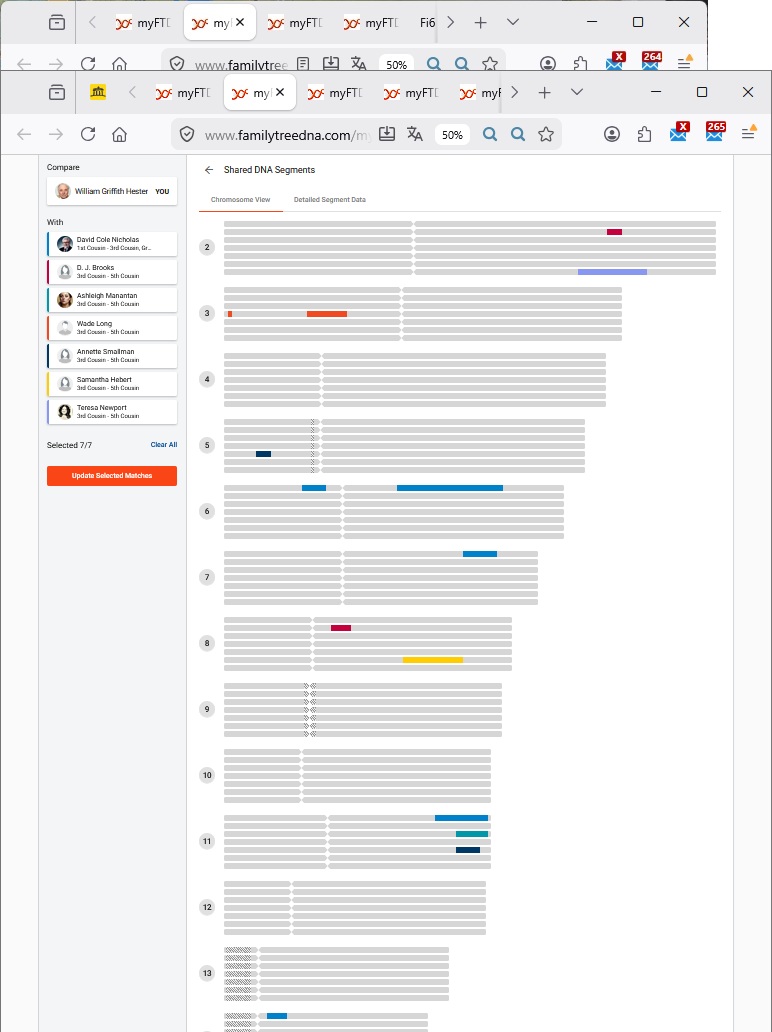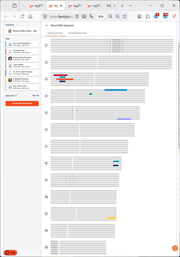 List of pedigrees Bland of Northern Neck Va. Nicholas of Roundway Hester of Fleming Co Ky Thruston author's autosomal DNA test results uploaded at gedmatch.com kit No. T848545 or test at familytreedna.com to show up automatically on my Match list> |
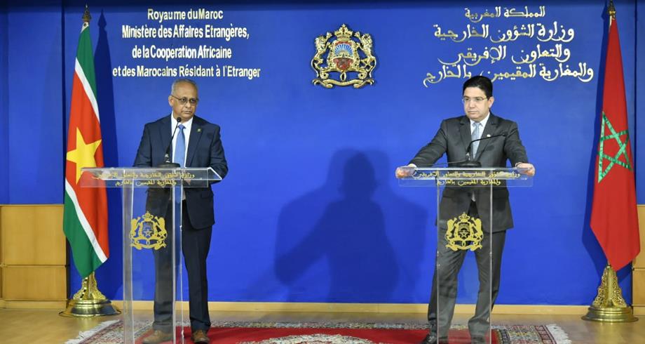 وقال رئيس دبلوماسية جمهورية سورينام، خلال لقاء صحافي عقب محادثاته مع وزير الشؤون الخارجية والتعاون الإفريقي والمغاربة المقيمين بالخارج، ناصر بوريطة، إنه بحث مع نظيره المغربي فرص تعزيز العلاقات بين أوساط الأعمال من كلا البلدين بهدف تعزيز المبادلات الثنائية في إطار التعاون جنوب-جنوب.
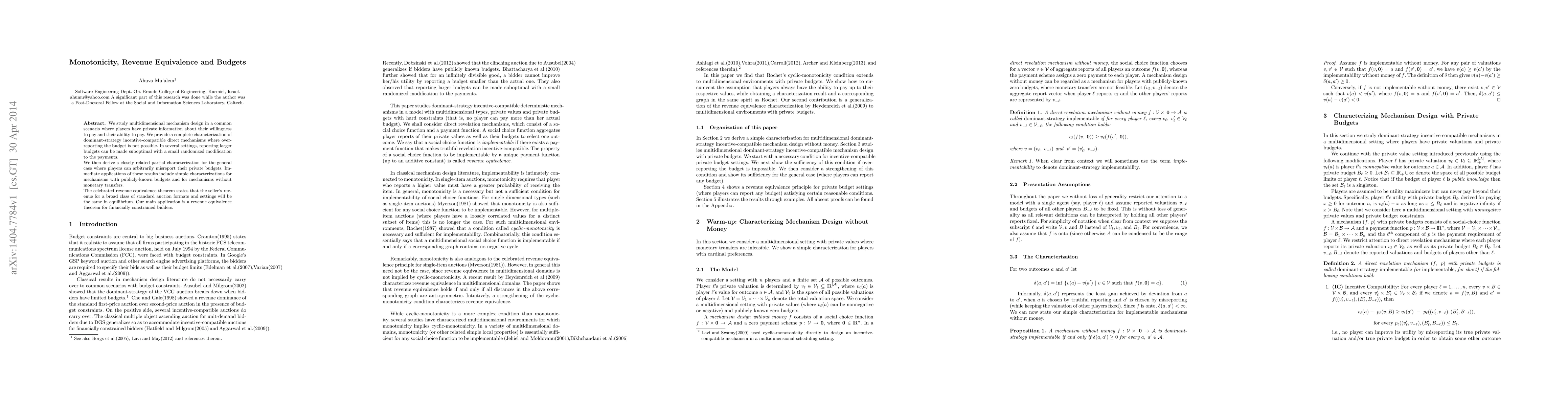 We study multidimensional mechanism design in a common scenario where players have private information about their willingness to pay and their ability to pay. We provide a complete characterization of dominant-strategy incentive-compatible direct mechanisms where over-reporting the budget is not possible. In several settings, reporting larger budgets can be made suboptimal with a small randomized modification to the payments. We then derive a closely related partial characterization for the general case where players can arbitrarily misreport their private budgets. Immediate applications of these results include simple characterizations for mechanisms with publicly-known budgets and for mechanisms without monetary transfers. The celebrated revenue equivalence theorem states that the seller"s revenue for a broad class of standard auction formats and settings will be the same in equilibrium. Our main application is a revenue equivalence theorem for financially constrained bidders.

==

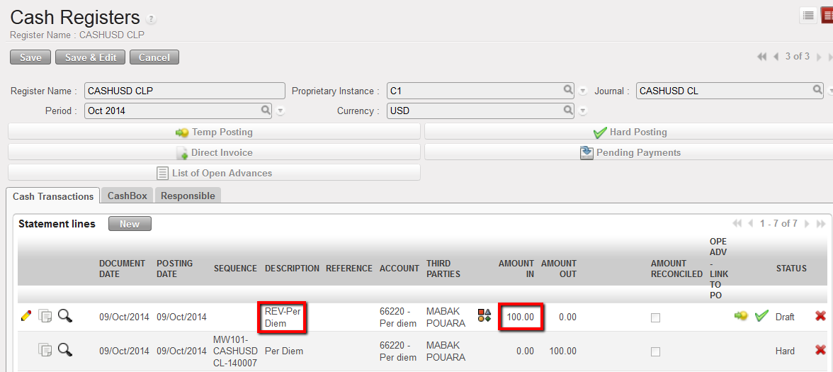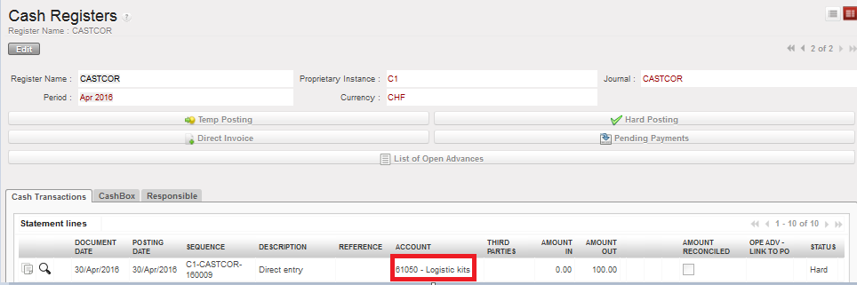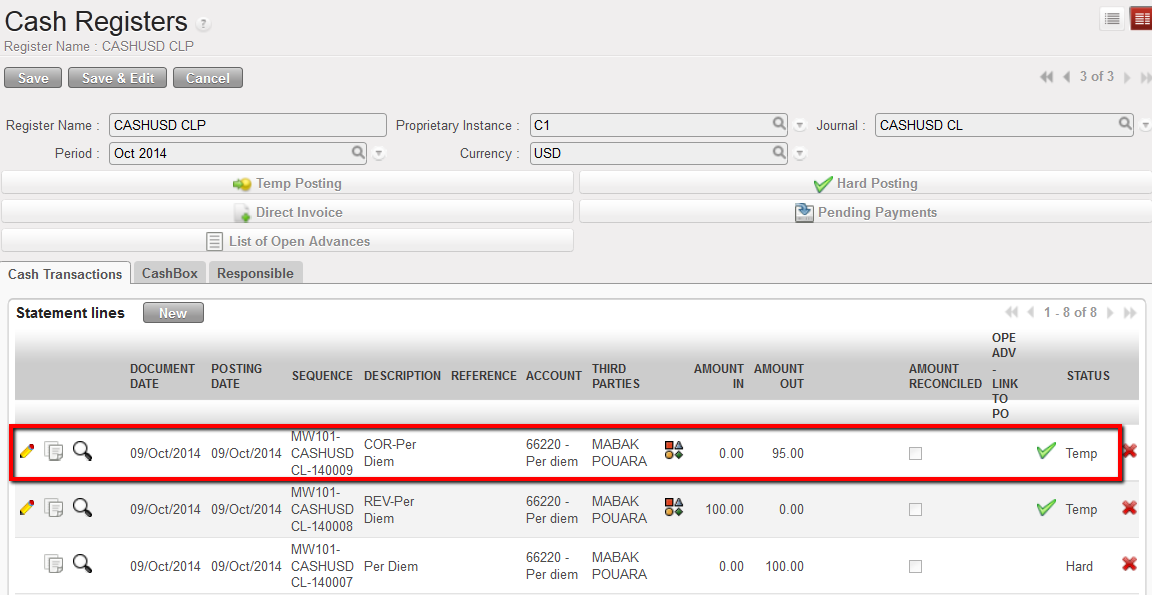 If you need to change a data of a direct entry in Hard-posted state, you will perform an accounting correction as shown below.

#### Your goal:
Could the stretch from the line with "List of pedigrees" through the line with "وقال رئيس دبلوماسية" in the listing above be restated word for word, minus the pictures?

#### Your response:
 List of pedigrees Bland of Northern Neck Va. Nicholas of Roundway Hester of Fleming Co Ky Thruston author's autosomal DNA test results uploaded at gedmatch.com kit No. T848545 or test at familytreedna.com to show up automatically on my Match list> |
 وقال رئيس دبلوماسية جمهورية سورينام، خلال لقاء صحافي عقب محادثاته مع وزير الشؤون الخارجية والتعاون الإفريقي والمغاربة المقيمين بالخارج، ناصر بوريطة، إنه بحث مع نظيره المغربي فرص تعزيز العلاقات بين أوساط الأعمال من كلا البلدين بهدف تعزيز المبادلات الثنائية في إطار التعاون جنوب-جنوب.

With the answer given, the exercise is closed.